Updated 15 January 2026
  • LLM-guided proof search is the integration of language models with symbolic validators to generate, check, and refine proofs in mathematics and program verification.
  • It employs prompt engineering, hierarchical decomposition, and iterative error correction to mitigate syntactic errors and optimize proof generation.
  • Advanced mechanisms like heuristic ranking, resource filtering, and search orchestration are used to overcome challenges such as hallucination and combinatorial explosion.

LLM-guided proof search denotes the systematic integration of LLMs with formal reasoning engines to automate, accelerate, and improve the process of constructing, checking, and refining mathematical or program verification proofs. LLMs are exploited for their pattern completion, abstraction synthesis, and linguistic capabilities to generate proof steps, suggest decompositions, or select strategies, while external symbolic systems ensure logical soundness and resource compliance through robust validation mechanisms.

1. High-level Methodology and Architectures

LLM-guided proof search spans a broad design space, but all major frameworks interleave LLM-driven generation with deterministic symbolic verification or search. In typical workflows, the LLM is not entrusted with absolute proof completion—rather, it generates candidate proof structures, tactics, decompositions, or stepwise hints that are validated, refined, or rejected by a formal core. Architectures vary depending on the target formalism, but share the following fundamental elements:

Major system exemplars include tightly coupled iterative loops for stepwise BDD proof generation (Drechsler, 29 May 2025), hybrid lemma-guided decompositions for Lean (Wischermann et al., 18 Jul 2025), hierarchical claim decomposition in TLA+ (Zhou et al., 10 Dec 2025), and beam-search-based synthesis with verification in Isabelle/HOL (Hou, 8 Jan 2026).

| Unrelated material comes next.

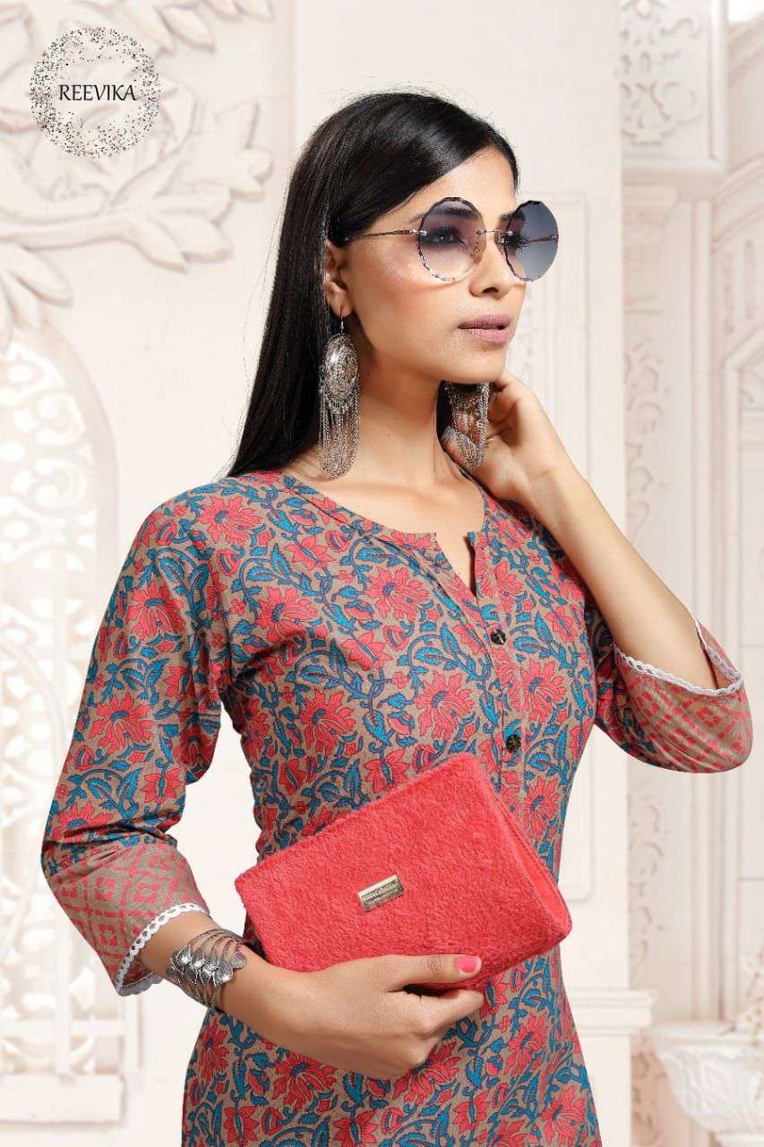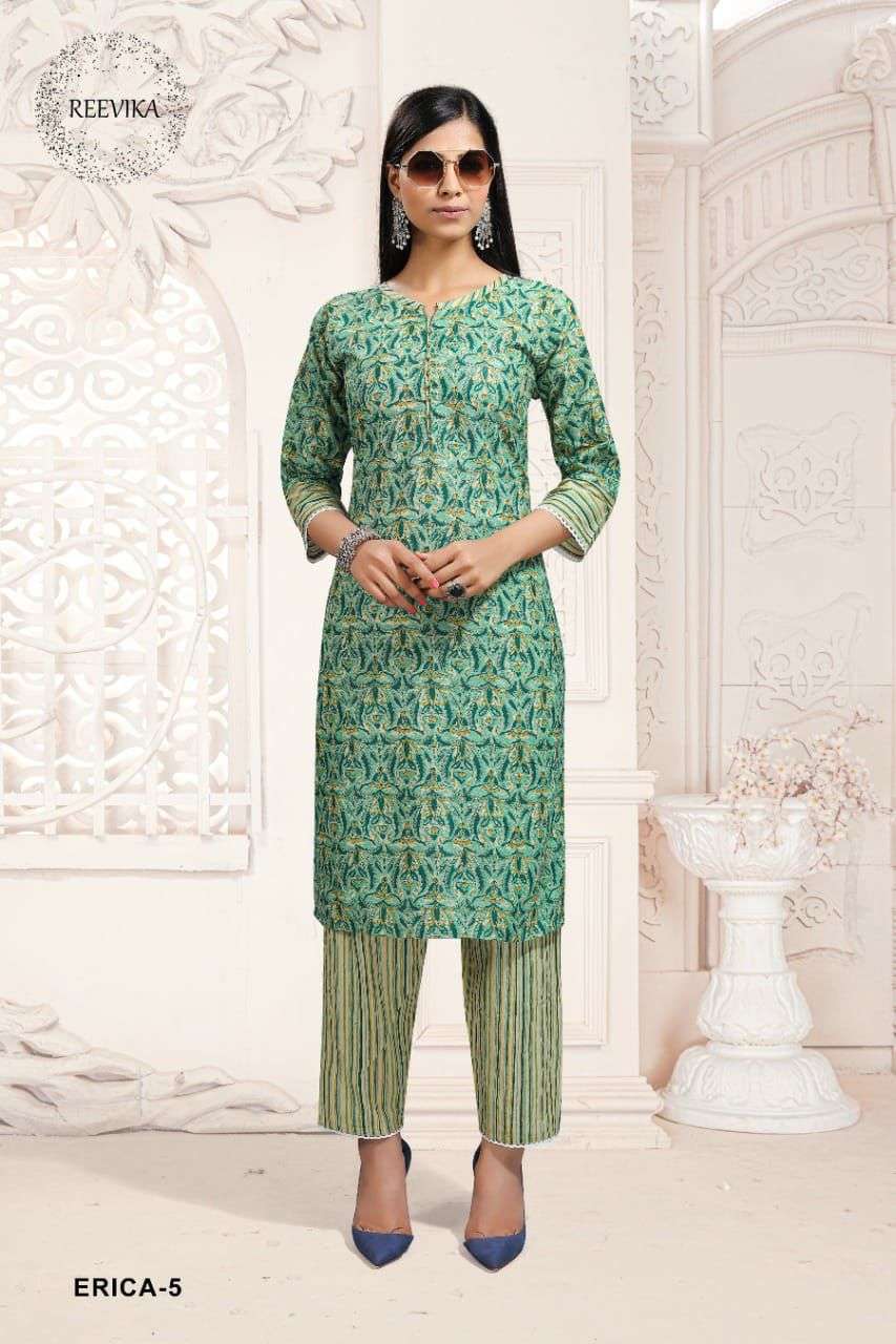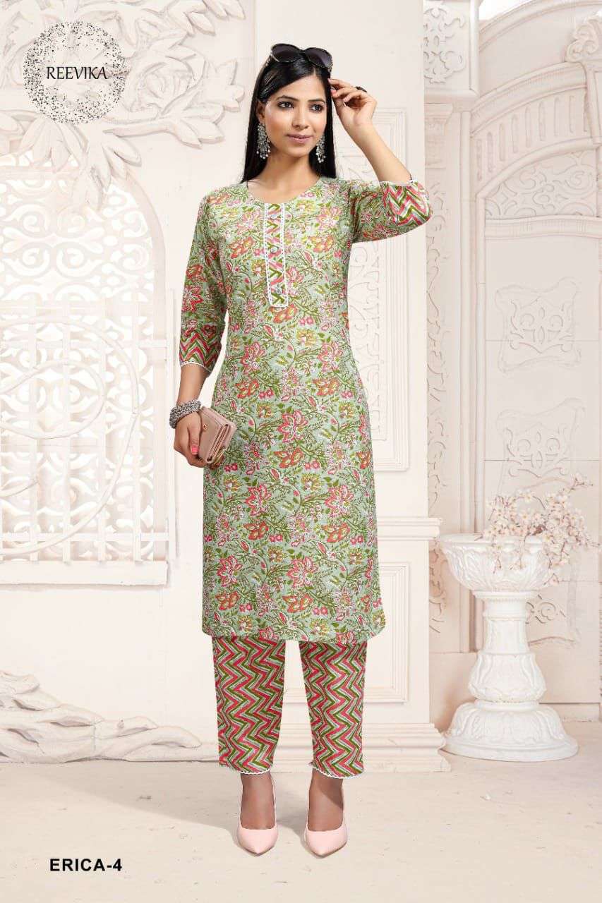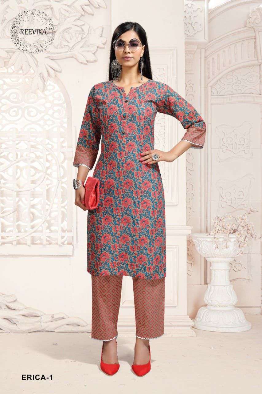 reevika erica cotton print kurti with pant set

2. Prompt Engineering, Guidance, and Decomposition

A distinctive aspect of LLM-guided proof search is the use of engineered prompts and context summarization to steer generation. This involves:

  • Template-driven prompting: Each step is guided by a predefined template with the current subgoal, accepted proof fragments, and explicit instructions for output format and expected constructs (e.g., LaTeX in PFV, normalized JSON for TLA+) (Drechsler, 29 May 2025, Zhou et al., 10 Dec 2025).
  • Contextualization: Prompts may include natural language explanations, prior lemmas, summaries of the current proof context, or error feedback from failed verification attempts (Wischermann et al., 18 Jul 2025, Baksys et al., 11 Dec 2025).
  • Hierarchical or modular decomposition: LLMs are instructed to decompose complex goals into structured sub-claims, often in normalized or restricted syntactic forms to minimize parse and verification failures. For example, in TLA+, LLM output is restricted to normalized claim blocks, which drastically increases syntactic validity compared to free-form proof generation (over 65% vs. less than 20%) (Zhou et al., 10 Dec 2025).

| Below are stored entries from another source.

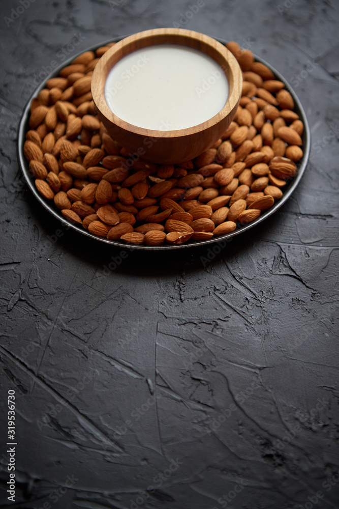 Composition of almonds seeds and milk, placed on black stone background.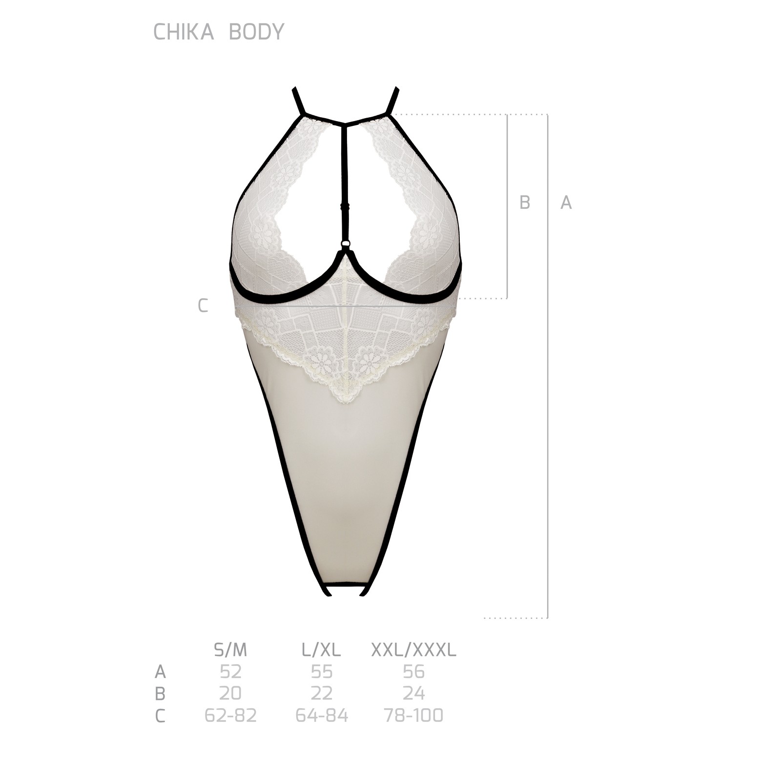 Este body sofisticado combina la elegancia del color crema con detalles en blanco, creando un contraste seductor y moderno.
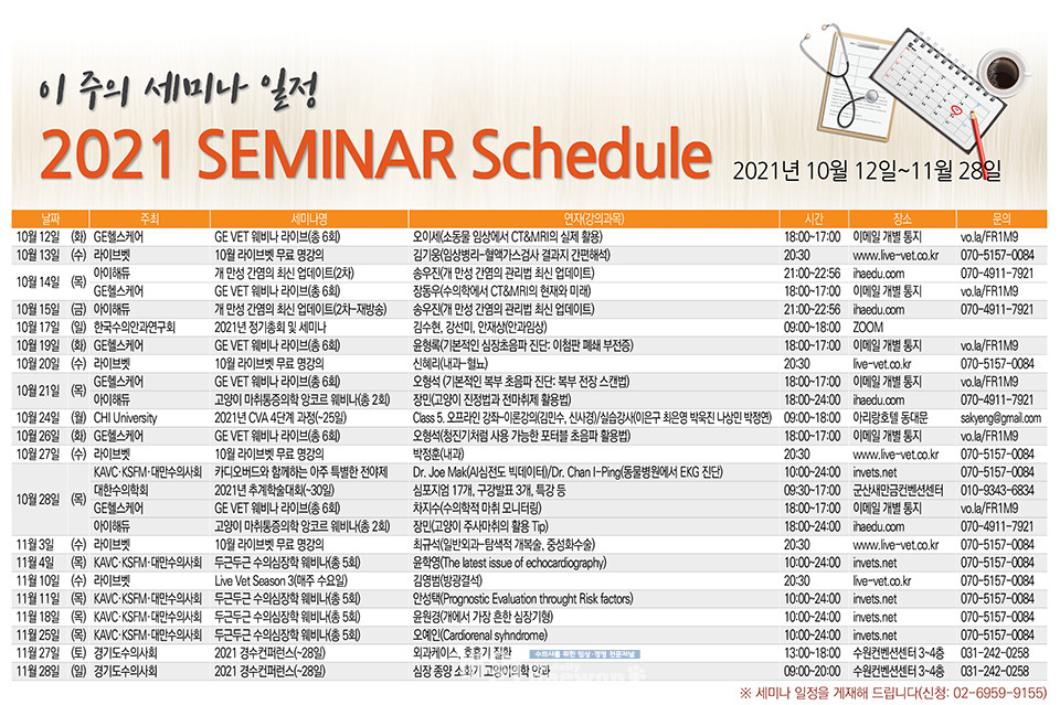[세미나 캘린더] 2021년 10월 12일~11월 28일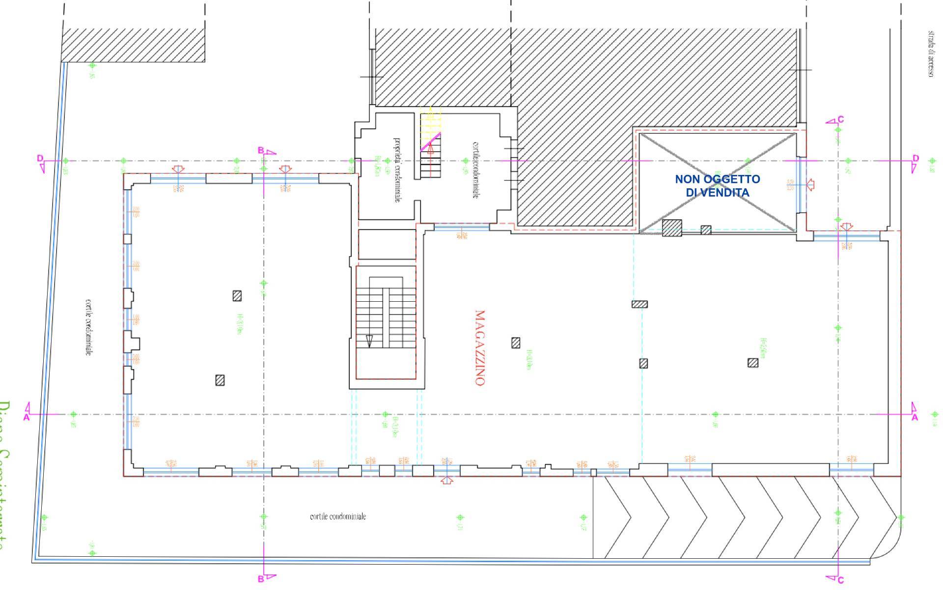Locale al Piano Terra a destinazione magazzino, delle dimensioni di 400 mq. circa, composto da un unico ampio vano fornito anche di doppio scivolo per accesso anche carrabile (sia all'interno sia dall'esterno).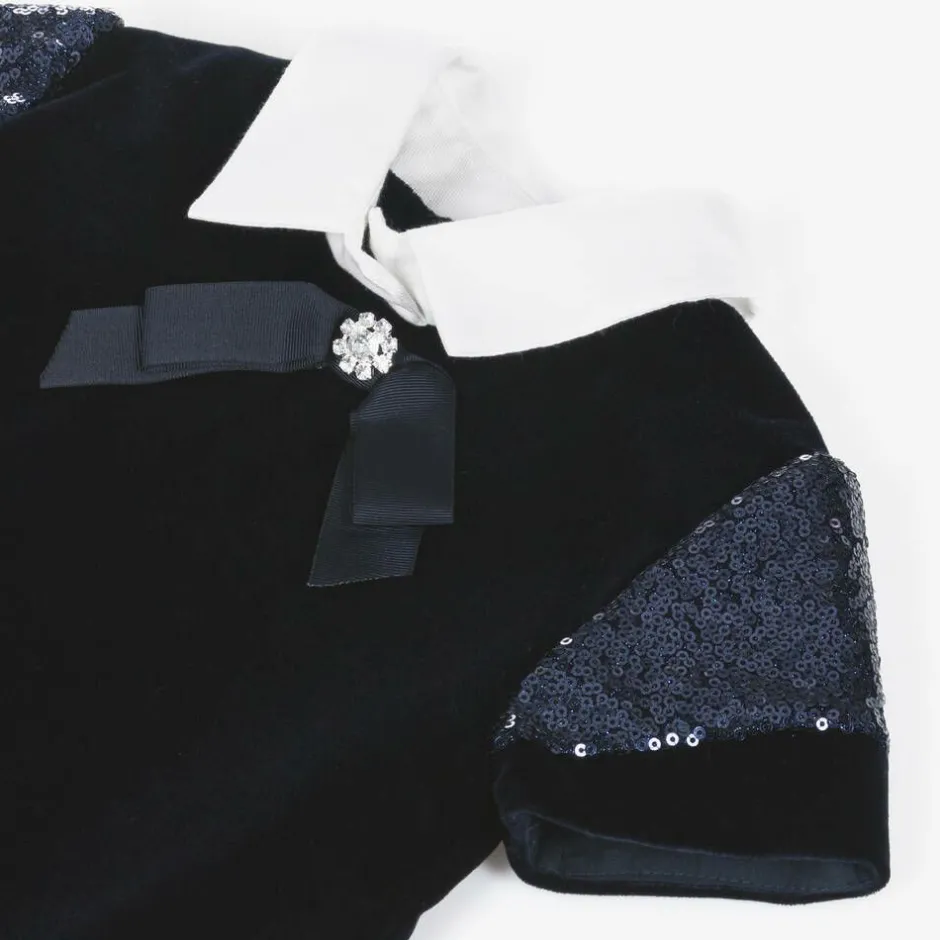 Navy blue velvet dress for girls from Lapin House, trimmed with sequins that shimmer beautifully in the light. Lovely for a special occasion, this smart dress has a contrasting white, twill collar and a grosgrain bow and crystal embellishment on the neckline. It is fully lined in lightweight cotton for comfort and fastens neatly on the back with a concealed zip and single button.

This paradigm achieves error containment and facilitates incremental checking, preventing error propagation that would occur with monolithic end-to-end proof generation.

3. Search, Heuristics, and Pruning Mechanisms

LLM-guided frameworks universally employ external search and pruning mechanisms to counteract LLM hallucinations, prevent tangents, and optimize search effort:

  • Induction depth bounding and pattern matching: In resource-bounded PFV, the induction depth in LLM proofs is capped, common term-pattern libraries are used to restrict admissible constructions, and every suggested step is checked for compliance with an explicit resource polynomial (Drechsler, 29 May 2025).
  • Linearization and modularization: Architectures like LogicTree decompose premise selection into strictly linear processes (forward and backward selection) and rigorously cache all derived facts for cross-branch reuse, which is essential for proof search scalability. This linear decomposition reduces combinatorial branch explosion and enables the system to proceed with one derivation per step (He et al., 18 Apr 2025).
  • Heuristic ranking and retrieval: Fact and rule prioritization via semantic similarity or dependency parses, as well as premise retrieval using TF–IDF, bi-encoder/cross-encoder approaches or dense retrieval, are employed to select which branches of the proof tree to extend next (He et al., 18 Apr 2025, Hou, 8 Jan 2026).
  • Cost-based and resource filtering: Steps proposed by the LLM that breach explicit theorem resource bounds (e.g., BDD size in PFV) are pruned before entering the symbolic checker (Drechsler, 29 May 2025).

A plausible implication is that the integration of such structural filtering is key to scaling LLM-based proof search to domains with large search spaces and nontrivial resource or syntactic constraints.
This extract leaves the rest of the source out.